Current methods to isolate individual cells from formalin-fixed paraffin-embedded (FFPE) tissue samples lack out-of-plane (z-axis) resolution. These techniques typically utilize laser capture microdissection (LCM) to detach cells glued to a plastic film or a glass plate (x-y plane) either by heat through use of a pulsed infrared laser (see e.g., the PixCell II infrared LCM system commercialized by Arcturus Engineering of Mountain View, Calif., US), or by force against gravity using ultraviolet laser capture microdissection (see e.g., the Palm Zeiss ultraviolet LCM system commercialized by P.A.L.M. Microlaser Technologies AG of Bernried, Germany). Each of these systems are dry systems where the laser energy impinges upon the tissue sample to ablate cells and cell material. The recovery rate of ablated cells is very low and the direct impingement of the laser on the tissue may potentially damage the cells and chemical/structural constituents thereof, thereby negatively impacting study analysis and results. Also, these LCM techniques require the use of an Eppendorf micro-centrifuge-tube which greatly restricts throughput. Moreover these techniques are restricted to two-dimensional (2-D) analysis and cannot be used with samples having layers of cells in the z axis. In other words, traditional LCM approaches are restricted to the x-y plane and lack out-of-plane resolution in the z axis.
One attempt to address the above shortcomings of traditional LCM techniques is to couple a microfluidic device with the laser source. The microfluidic device holds the tissue sample within a chamber and a fluid flows through the chamber where the laser directly impinges upon the tissue sample. One or more cells may be ablated from the tissue sample upon laser impingement. The ablated cells are then received in and carried by the fluid flow to a sample collecting element. Cells may be serially ablated and collected in respective collecting elements. Each respective collecting element may be used to maintain spatial information regarding the collected cells. In this manner, the tissue sample may be interrogated across the x-y plane in a first instance. The laser can then be used to ablate the next successive layer in similar fashion. All of the above cell samples may then be analyzed and any data collected may be correlated to locate the spatial location of the respective cell sample within the entire original tissue sample. However, while achieving resolution in the z-axis with improved sampling efficiencies, direct laser impingement upon the tissue sample may cause damage to the ablated cells or the underlying cell layer of the tissue sample thus negatively impacting any information collected or reported study results.

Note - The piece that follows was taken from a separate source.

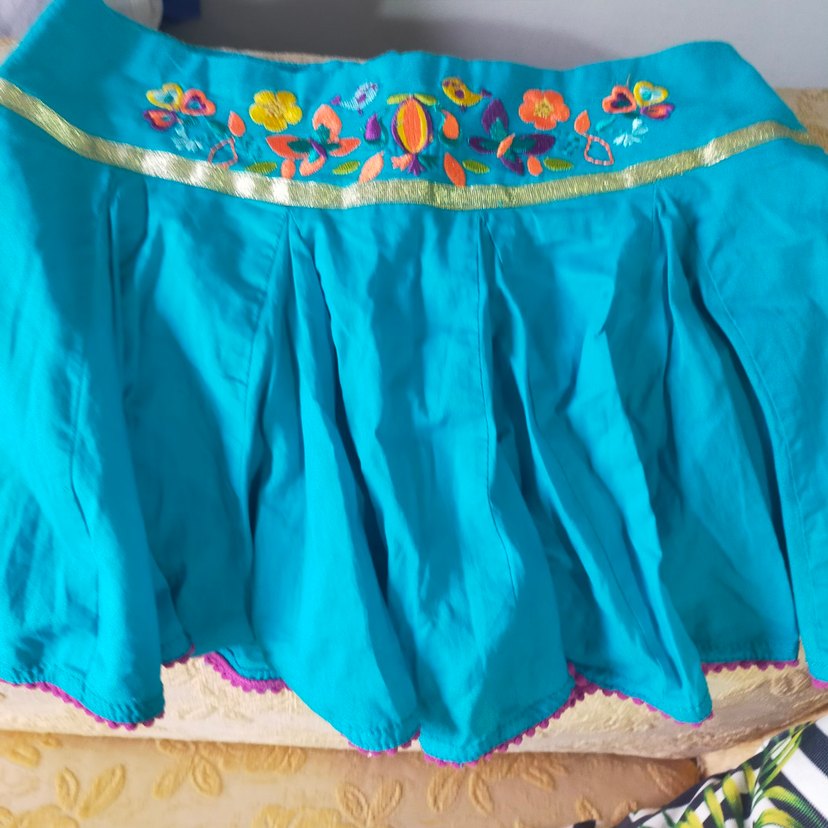 Turkuaz renkli, nakışlı ve fırfırlı detaylara sahip bol kesim kız eteği, bohem tarzını yansıtıyor. beli lastik ayarlı

Accordingly, what is needed in the art is a device and method for isolating, dissecting, collecting, sorting and analyzing individual cells or groups of cells without direct laser impingement upon the tissue sample, as well as the conservation of spatial and morphological information of individual cells or cell groups to enable visualization, recordation and study through multimodal molecular analysis of quantum dissected qubits of tissue voxels.